For the landing zone, you are going to create three Glue Jobs: one to extract the data from the PostgreSQL database and two to get the data from each API's endpoint. You are going to create those jobs using Terraform to guarantee that the infrastructure for each job will be always the same and changes can be tracked easily. Let's start by creating the jobs and then creating the infrastructure.

4.1.1. Go to the `terraform/assets/extract_jobs` folder. You will find two scripts

- `de-c4w4a1-extract-songs-job.py`: this script extracts data from the PostgreSQL source database.
- `de-c4w4a1-api-extract-job.py`: this script extracts data from the API. Endpoints can be provided through parameters.

Open each of them and follow the instructions in the comments to complete the scripts. Save changes to both of the files.

In a later section, you will run those Glue Jobs. Take into account that in the landing zone of your Data Lake you will see that the data will be stored in subfolders named according to the date of ingestion, which by default is your current date.

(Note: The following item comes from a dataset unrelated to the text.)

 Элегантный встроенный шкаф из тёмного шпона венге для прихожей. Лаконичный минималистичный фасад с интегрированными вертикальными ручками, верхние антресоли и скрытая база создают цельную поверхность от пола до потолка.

4.1.2. You will need to complete the terraform module `extract_job`. Given that you already created the scripts for the Glue Jobs, let's start by uploading them to an S3 bucket. Open the `terraform/modules/extract_job/s3.tf` file. You are already provided with some resources such as the scripts bucket and its permissions. Complete the code in the file following the instructions. Make sure that you save changes.

4.1.3. Open the `terraform/modules/extract_job/glue.tf` file. In this file you will set all the required resources to create the Glue Jobs. Complete the code following the instructions and save changes.

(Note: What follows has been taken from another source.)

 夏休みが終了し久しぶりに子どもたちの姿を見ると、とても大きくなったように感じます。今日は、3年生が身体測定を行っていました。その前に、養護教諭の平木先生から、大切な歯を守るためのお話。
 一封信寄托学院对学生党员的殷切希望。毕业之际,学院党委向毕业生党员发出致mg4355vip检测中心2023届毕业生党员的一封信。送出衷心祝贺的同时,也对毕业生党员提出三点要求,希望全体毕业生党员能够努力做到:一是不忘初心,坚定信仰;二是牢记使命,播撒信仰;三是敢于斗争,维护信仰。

4.1.4. Explore the rest of the files of the `extract_job` module to understand the whole infrastructure. Avoid performing further changes to other files. Here is the summary of what you can find in those files:
- In `terraform/modules/extract_job/iam.tf` file you can find the creation of the role used to execute the Glue Jobs. There is also the attachment of a policy holding the permissions. Those permissions can be found directly in the `terraform/modules/extract_job/policies.tf` file.
- The `terraform/modules/extract_job/network.tf` has the definition of the private subnet and the source database security group used to create the Glue Connection used to allow the Glue Jobs to connect to the source PostgreSQL database.
- The `terraform/modules/extract_job/variables.tf` contains the necessary input parameters for this module, while the `terraform/modules/extract_job/outputs.tf` sets the possible outputs that terraform will show in the console from this module.

4.1.5. You are ready to deploy the first module of your infrastructure. Open the `terraform/main.tf` file and uncomment the lines associated with the module named `extract_job` (lines 1 to 14); make sure to keep the rest of modules commented. Open the `terraform/outputs.tf` file and uncomment the outputs associated with the extract module (lines 5 to 20). Save changes in both of the files.

4.1.6. In the VSCode terminal, go to the `terraform` folder and deploy the infrastructure with the following commands.

*Note*:<span style="color:red"> All terminal commands in this lab should be run in the VSCode terminal, not Jupyter, as it may cause some issues.</span>

```bash
cd terraform
terraform init
terraform plan
terraform apply
```

*Note*: Remember that the command `terraform apply` will prompt you to reply `yes`.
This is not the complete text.